I need to go through a large list of string url\'s and extract the domain name from them.
For example:
http://www.stackoverflow.com/questions
I wrote a method (see below) which extracts a url's domain name and which uses simple String matching. What it actually does is extract the bit between the first "://" (or index 0 if there's no "://" contained) and the first subsequent "/" (or index String.length() if there's no subsequent "/"). The remaining, preceding "www(_)*." bit is chopped off. I'm sure there'll be cases where this won't be good enough but it should be good enough in most cases!
I read here that the java.net.URI class could do this (and was preferred to the java.net.URL class) but I encountered problems with the URI class.
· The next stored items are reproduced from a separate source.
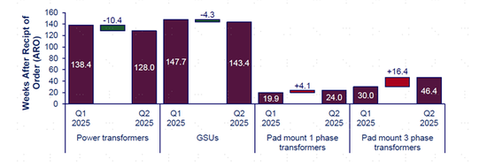 北美仍面临严重的变压器紧缺问题;SST性能优势明显,叠加交付周期有望缩短,或成为优选解决方案。800V HVDC供电系统框架目前主要包括三条技术路线,工频变压器路线、移相变压器路线和SST路线。前两种路线基于传统变压器设计,而当前北美市场的传统变压器仍面临较为严重的供需失衡,采购价格高、交期长等问题影响了当地数据中心的投资建设。根据Wood Mackenzie估算,自2019年以来变压器单位成本上涨77%以上,叠加加征关税影响,价格将进一步上涨;交期方面,以三相配电变压器为例,2Q25长达约46周,环比提升且维持高位水平。相较而言,SST系统采用高效率的功率半导体器件取代传统变压器进行调压和整流,具备体积小、重量轻、效率高等特点,可实现模块化快速部署,且其成本仍具有较大的下降潜力。我们看好SST方案更加适配北美快速布局AIDC的建设需求,有望成为下一代AIDC供电方式的优选方案。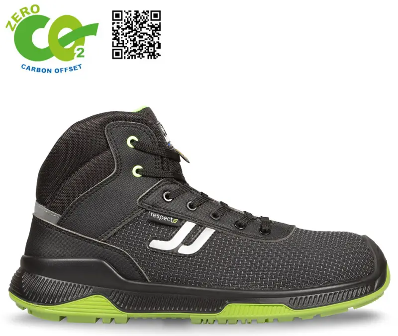 Hoge schoen in Putek® PLUS (68% gerecycleerd polyester), met een niet metalen antiperforatiezool (gemaakt uit 50% gerecycleerd polyester) en een synthetische 200J neus. Voorzien van een ademende, abrasiebestendige voering in 3D mesh Surf. Zool in PU/PU BASF BMB (BioMass Balance, gemaakt uit 100% hernieuwbare bronnen), SRC antislip, bestand tegen oliën en zuren. Uitneembare geperforeerde inlegzool Maxi-Soft Duo Green samengesteld uit een laag PU Dynamic van BASF® met thermogevoelig vormgeheugen en een laag BASF® BioMass Balance Elastopan, dit verbetert de gewichtsverdeling, vermindert drukpunten en absorbeert en verlicht stress op het lichaam als men langdurig staat en loopt. 100% metaalvrij. ESD gekeurd. Maten: 35-48.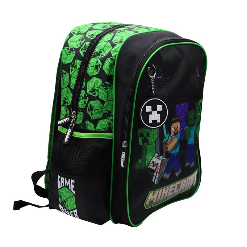 • Accesorios de Colección: Viene acompañada de un llavero decorativo circular con la cara de un Creeper y tiradores de cremallera metálicos personalizados con el logo de Minecraft para un acceso rápido.

Notably, URI.getHost() gives a null value if the url does not include the scheme, i.e. the "http(s)" bit.
/**
* Extracts the domain name from {@code url}
* by means of String manipulation
* rather than using the {@link URI} or {@link URL} class.
*
* @param url is non-null.
* @return the domain name within {@code url}.
*/
public String getUrlDomainName(String url) {
String domainName = new String(url);
int index = domainName.indexOf("://");
if (index != -1) {
// keep everything after the "://"
domainName = domainName.substring(index + 3);
}
index = domainName.indexOf('/');
if (index != -1) {
// keep everything before the '/'
domainName = domainName.substring(0, index);
}
// check for and remove a preceding 'www'
// followed by any sequence of characters (non-greedy)
// followed by a '.'
// from the beginning of the string
domainName = domainName.replaceFirst("^www.*?\\.", "");
return domainName;
}